Just weeks after some blockbuster dealmaking in Palm Beach, Ryan Serhant is opening an office on the island.
Serhant signed a lease for an office at 324 Royal Palm Way in Palm Beach, the firm’s Palm Beach agent Gary Pohrer confirmed. The move comes two years after Serhant expanded to Florida with offices in Delray Beach and Miami.
The New York City-based celebrity superbroker has unleashed a blitz of activity on the island in recent months. He is the buyer’s representative in a $350 million-plus oceanfront assemblage on the island.

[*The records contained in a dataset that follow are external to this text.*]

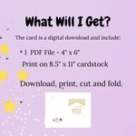 Download your file directly from the receipt page immediately after checkout. You'll also receive an email confirmation with a link to receipt page. Print, cut, fold, and write your message inside the card. Print on 8.5"x11" cardstock.
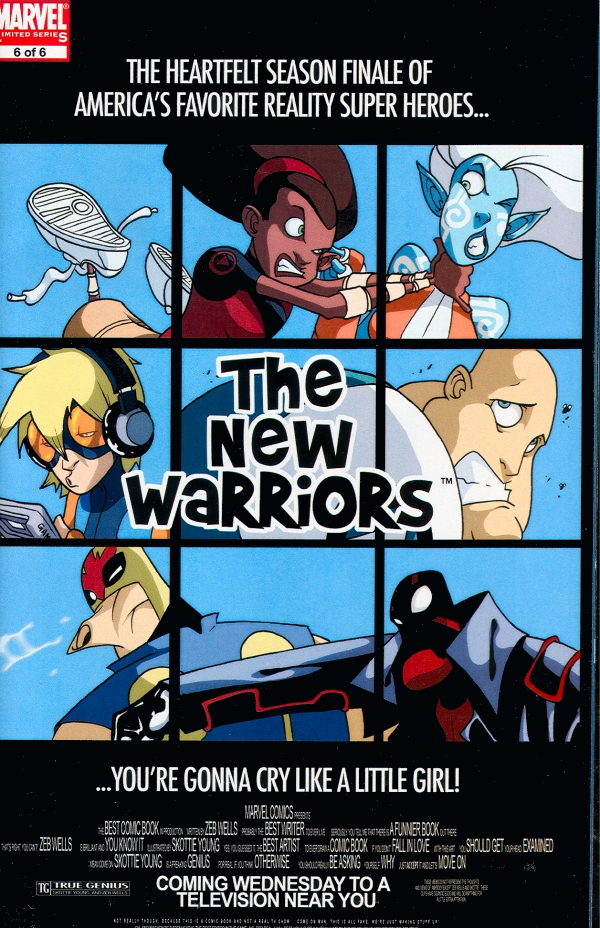 Ashley then arrives and informs the New Warriors that they are on “hiatus.” The Warriors realize that he means the show has been cancelled. Nova gives Debrii a lift back to her home in New York, while the other Warriors sit around and try to decide what they should do from here.
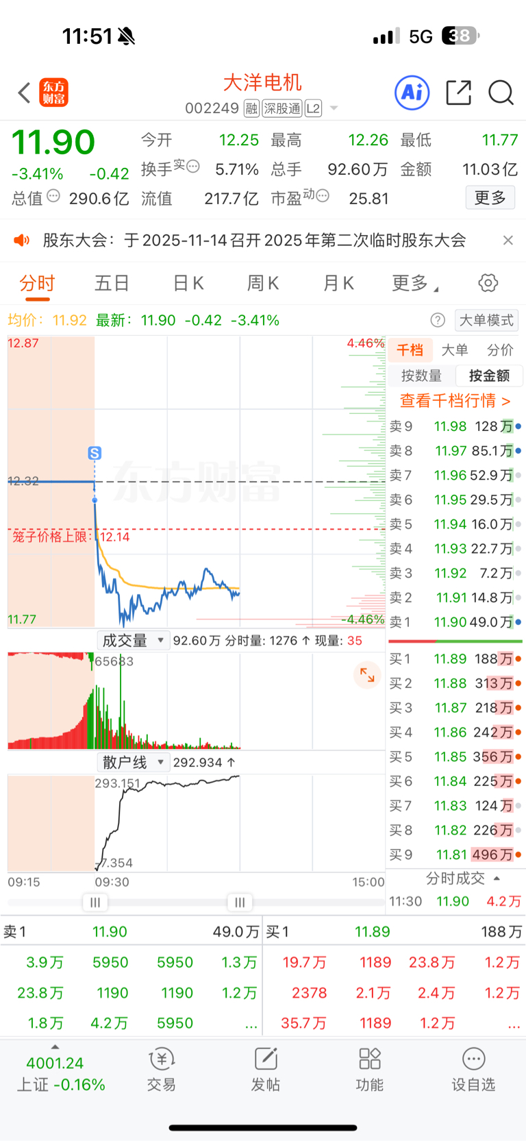 $大洋电机(SZ002249)$ 情况不对,竞价跑了,小吃一口肉
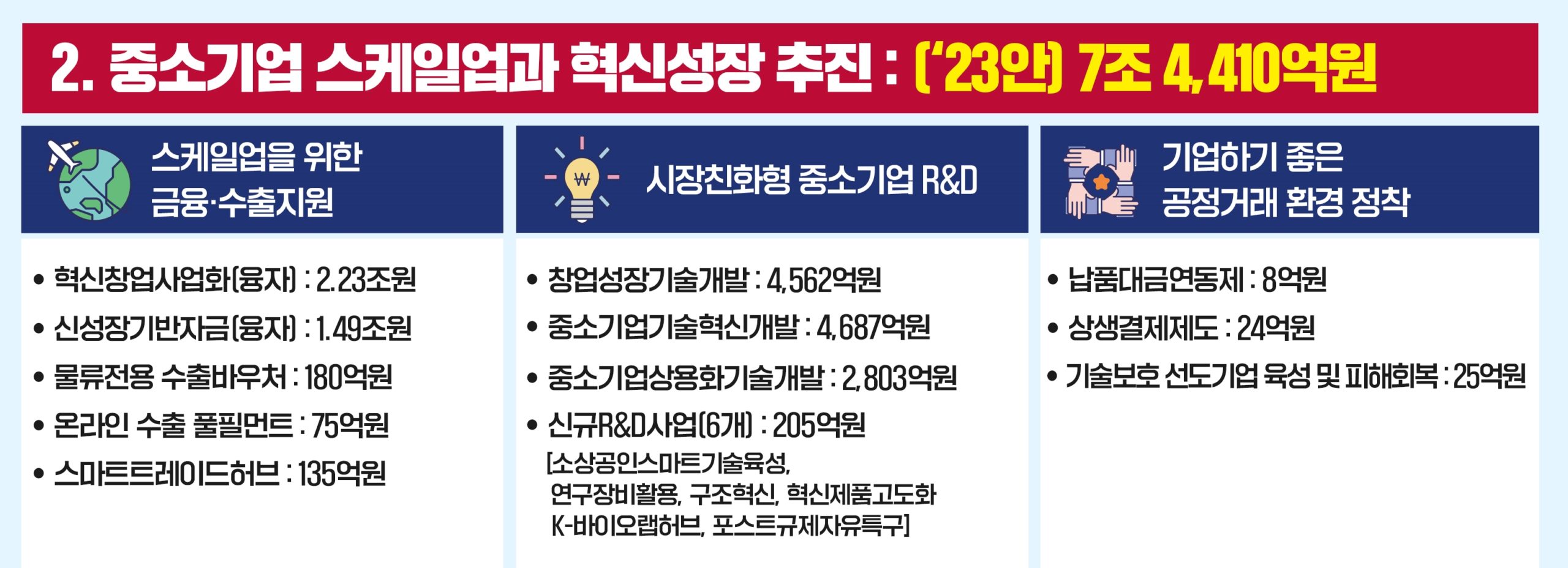 2023년도 예산안은 고금리·고환율·고물가 3고(高) 위기 등 불확실한 경제 상황에서 ‘중소·벤처기업이 중심에 서는 민간 중심의 역동적 경제’라는 기본 방향하에 3대 중점투자 방향(▲민간과 공동으로 벤처‧스타트업 육성 ▲중소기업 스케일업과 혁신성장 정책 추진 ▲소상공인·자영업자의 완전한 회복과 새로운 도약)을 설정하고 예산을 편성했다.
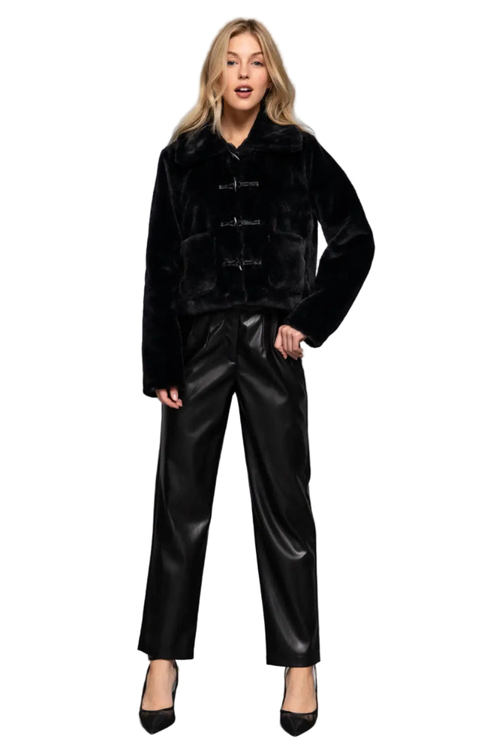 Snuggle up in style with this luxe fur duffle jacket. Toggle button closures, a cozy collar, and plush fur details make it the perfect companion for chilly days. Effortlessly chic and undeniably warm—your new favorite layer awaits.
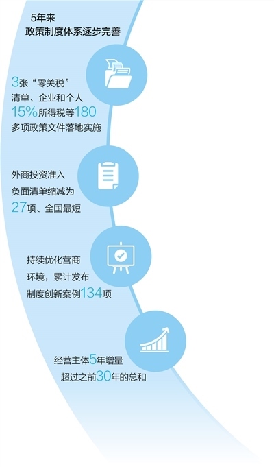 3張“零關稅”清單、企業(yè)和個人15%所得稅、加工增值貨物內銷免關稅等180多項政策文件落地實施;外商投資準入負面清單縮減為27項、全國最短……隨著營商環(huán)境持續(xù)優(yōu)化,海南吸引了各類經(jīng)營主體投資創(chuàng)業(yè)。據(jù)介紹,海南經(jīng)營主體5年增量超過之前30年的總和。
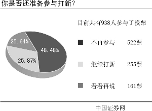 新股破发现象频繁出现,你是否还准备参与打新?中国证券网最新调查显示,超过半数以上的网友表示今后不再参与打新,仅两成多的网友表示还会继续打新,另外一成多的网友则表示看看再说。
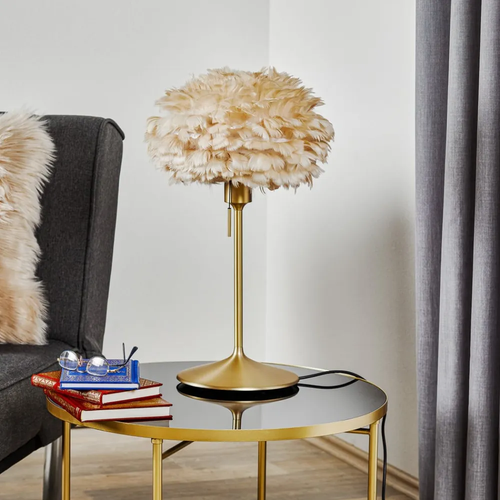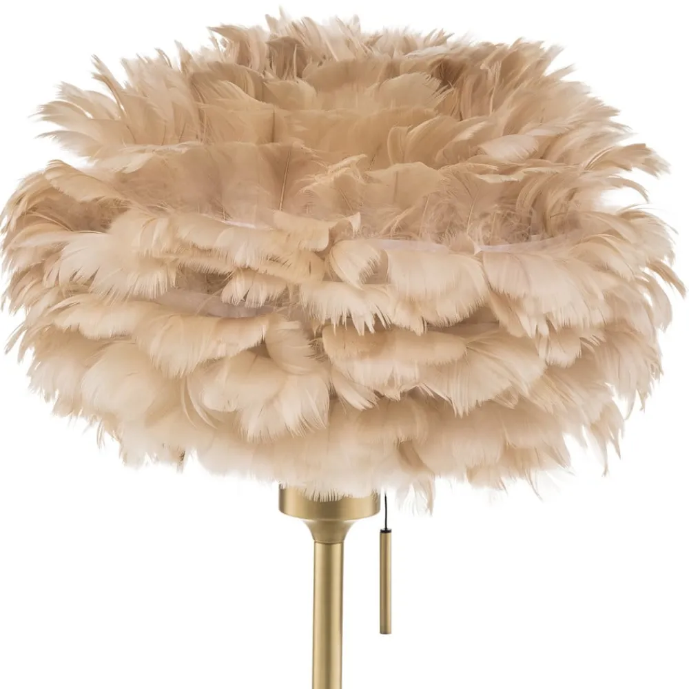 Bordlampe Eos mini med skærm i brun fjerkjole og stativ i messing
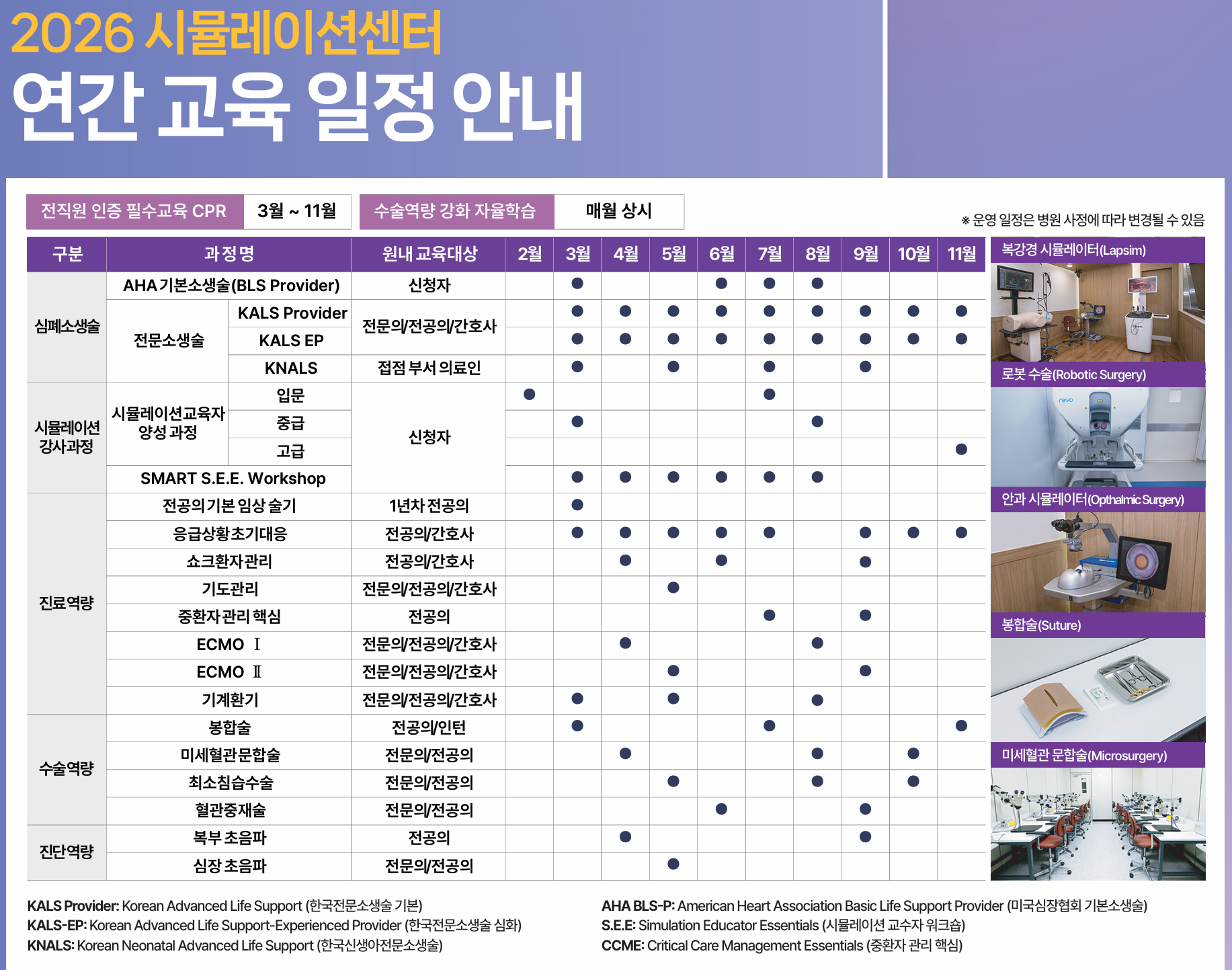 - 시뮬레이터 및 최신 의료장비 도입을 통한 안전한 교육환경 구축
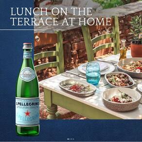 Reverenciada como o Champagne das águas minerais, a água italiana S. Pellegrino é conhecida em todo o mundo como simbolo de vida italiano Nazionalitá . Sua fonte está localizada a 70 km de Milão, na cidade de S.Pellegrino Terme, região da Lombardia, norte da Itália. Começou a ser engarrafada em 1899 e décadas depois vem se consolidando como a água preferida dos grandes Chefs e Sommeliers do mundo, além de ser parceira dos melhores prêmios de gastronomia do mundo. Com sua perlage borbulhas delicadas e equilibradas, acompanha e valoriza vinhos tintos e pratos a base de carne e molhos intensos.

In May, he recruited top agent Pohrer from Douglas Elliman, and in the past week the pair have landed two trophy listings: the lakefront estate at 1460 North Lake Way asking $95 million, and the oceanfront Manalapan mansion at 1460 South Ocean Boulevard asking $64.5 million.
Between the office, the recruiting and the listings, Serhant is planting his flag in a notoriously competitive, insular market, one where other firms have struggled to find footing.
The majority of successful dealmaking in Palm Beach’s ultra-luxury market is done by a small, tight-knit circle of agents backed by local brokerages, or earlier arrivals like Elliman and the Corcoran Group.
“It’s small, it’s tight, it’s organized –– it’s very, very organized. The players in that market are very protective of their territory,” Elliman’s Florida CEO Jay Parker told The Real Deal last year.
Longtime players have reason to be territorial. Palm Beach emerged from the pandemic with a magnetic pull. Off the charts price growth, record-shattering nine-figure sales and a steady stream of billionaire buyers made the island the white whale for brokerage heads. Firms like Compass, the Agency, Cervera Real Estate and Hilton & Hilton have all opened Palm Beach offices in recent years, but have struggled to find success in the upper echelons of the market.
Market insiders agree a crucial step to brokerage success in Palm Beach is to land a top agent. Agents say the newcomer firms have courted top earners largely to little avail. Pohrer is a rare member of the island’s major dealmakers to make a switch. While he chalked up the move to the appeal of Serhant’s brand and marketing apparatus, turbulence at Elliman precipitated a wave of agent exits this year. Top Manhattan agent Holly Parker, “Million Dollar Listing” star Tracy Tutor and an Aspen team that closed nearly $200 million in annual volume were among the brokerage’s high-profile departures.
Still, a top agent, a lease and two listings alone do not make a top Palm Beach brokerage. The island’s biggest players consistently close north of $200 million per year, and even more including off-market sales. Christian Angle of Christian Angle Real Estate was the top-ranked island agent in TRD’s 2025 Palm Beach County broker ranking, with $549.3 million in on-market sales.
Longtime island brokers have been skeptical of the staying power of outsiders in their market. Top Corcoran Group agent Dana Koch told TRD last year, “Just because you make it in another market doesn’t mean you’re going to make it here.”
Serhant had an advantage few newcomer brokerages do. While new to Palm Beach as a brokerage, he was not new to the island as an agent. In 2021, Serhant and Elliman’s Chris Leavitt teamed up to represent Tiger Global Management co-founder Scott Schleifer in his $122.7 million purchase of an oceanfront estate.
Despite that early success, Serhant chose not to start his Florida expansion in Palm Beach. At TRD’s New York Forum in May, he said his early focus was on feeder markets, like Delray Beach, calling it the “Walmart approach.”
Now he’s expanded to Orlando and Naples as well, and is piloting a private listings network in the Sunshine State.
“Markets do not dictate your income. They dictate your strategy,” Serhant said at the forum. “You stick to your goals. You don’t negotiate goals, but you can pivot strategy.”